┌────────
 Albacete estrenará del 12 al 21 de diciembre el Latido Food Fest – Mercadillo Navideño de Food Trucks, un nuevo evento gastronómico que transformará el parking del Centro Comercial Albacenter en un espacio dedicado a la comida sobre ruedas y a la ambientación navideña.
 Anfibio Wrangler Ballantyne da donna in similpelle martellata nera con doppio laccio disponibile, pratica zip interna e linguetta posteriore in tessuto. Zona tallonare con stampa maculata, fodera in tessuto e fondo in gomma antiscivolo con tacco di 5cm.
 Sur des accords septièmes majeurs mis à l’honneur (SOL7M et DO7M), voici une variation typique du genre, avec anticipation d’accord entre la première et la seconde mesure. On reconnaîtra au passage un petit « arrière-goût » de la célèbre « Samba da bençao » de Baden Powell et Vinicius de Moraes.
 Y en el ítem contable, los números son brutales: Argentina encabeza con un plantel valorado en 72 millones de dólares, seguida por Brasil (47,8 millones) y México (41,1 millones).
└────────
┌────────
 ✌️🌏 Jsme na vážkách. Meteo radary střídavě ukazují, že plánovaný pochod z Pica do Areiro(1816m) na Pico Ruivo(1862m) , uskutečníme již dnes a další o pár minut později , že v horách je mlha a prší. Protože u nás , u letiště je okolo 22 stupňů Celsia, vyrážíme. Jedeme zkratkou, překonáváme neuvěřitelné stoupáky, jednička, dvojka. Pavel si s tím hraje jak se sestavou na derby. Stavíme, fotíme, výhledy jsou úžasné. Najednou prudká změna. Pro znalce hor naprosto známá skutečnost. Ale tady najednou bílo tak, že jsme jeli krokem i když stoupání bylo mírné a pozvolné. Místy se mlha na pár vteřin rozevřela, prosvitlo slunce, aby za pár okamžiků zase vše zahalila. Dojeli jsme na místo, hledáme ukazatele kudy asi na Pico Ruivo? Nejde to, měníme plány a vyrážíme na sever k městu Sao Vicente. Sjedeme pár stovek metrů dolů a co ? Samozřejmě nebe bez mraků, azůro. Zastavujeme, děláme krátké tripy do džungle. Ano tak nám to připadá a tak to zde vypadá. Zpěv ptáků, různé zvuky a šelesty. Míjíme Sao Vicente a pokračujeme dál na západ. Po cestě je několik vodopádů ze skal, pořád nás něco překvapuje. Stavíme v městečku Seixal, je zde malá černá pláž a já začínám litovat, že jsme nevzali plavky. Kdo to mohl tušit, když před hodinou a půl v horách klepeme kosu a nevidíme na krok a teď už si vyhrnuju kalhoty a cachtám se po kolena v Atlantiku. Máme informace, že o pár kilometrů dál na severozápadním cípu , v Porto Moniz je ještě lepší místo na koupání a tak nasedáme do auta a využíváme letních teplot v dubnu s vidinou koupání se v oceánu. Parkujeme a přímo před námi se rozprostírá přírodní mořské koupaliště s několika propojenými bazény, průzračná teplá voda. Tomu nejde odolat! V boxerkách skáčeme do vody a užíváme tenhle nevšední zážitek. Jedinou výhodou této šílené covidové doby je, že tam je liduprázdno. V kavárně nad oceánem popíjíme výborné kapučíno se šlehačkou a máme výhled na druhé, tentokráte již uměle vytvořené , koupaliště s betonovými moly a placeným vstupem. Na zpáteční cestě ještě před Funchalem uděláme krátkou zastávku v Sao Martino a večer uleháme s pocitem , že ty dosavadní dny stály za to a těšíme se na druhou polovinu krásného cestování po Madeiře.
└────────
Write out exactly the lines above from the line with "Albacete estrenará del" through the line with "Y en el ítem", both of them included, and leave out all other lines.

 Albacete estrenará del 12 al 21 de diciembre el Latido Food Fest – Mercadillo Navideño de Food Trucks, un nuevo evento gastronómico que transformará el parking del Centro Comercial Albacenter en un espacio dedicado a la comida sobre ruedas y a la ambientación navideña.
 Anfibio Wrangler Ballantyne da donna in similpelle martellata nera con doppio laccio disponibile, pratica zip interna e linguetta posteriore in tessuto. Zona tallonare con stampa maculata, fodera in tessuto e fondo in gomma antiscivolo con tacco di 5cm.
 Sur des accords septièmes majeurs mis à l’honneur (SOL7M et DO7M), voici une variation typique du genre, avec anticipation d’accord entre la première et la seconde mesure. On reconnaîtra au passage un petit « arrière-goût » de la célèbre « Samba da bençao » de Baden Powell et Vinicius de Moraes.
 Y en el ítem contable, los números son brutales: Argentina encabeza con un plantel valorado en 72 millones de dólares, seguida por Brasil (47,8 millones) y México (41,1 millones).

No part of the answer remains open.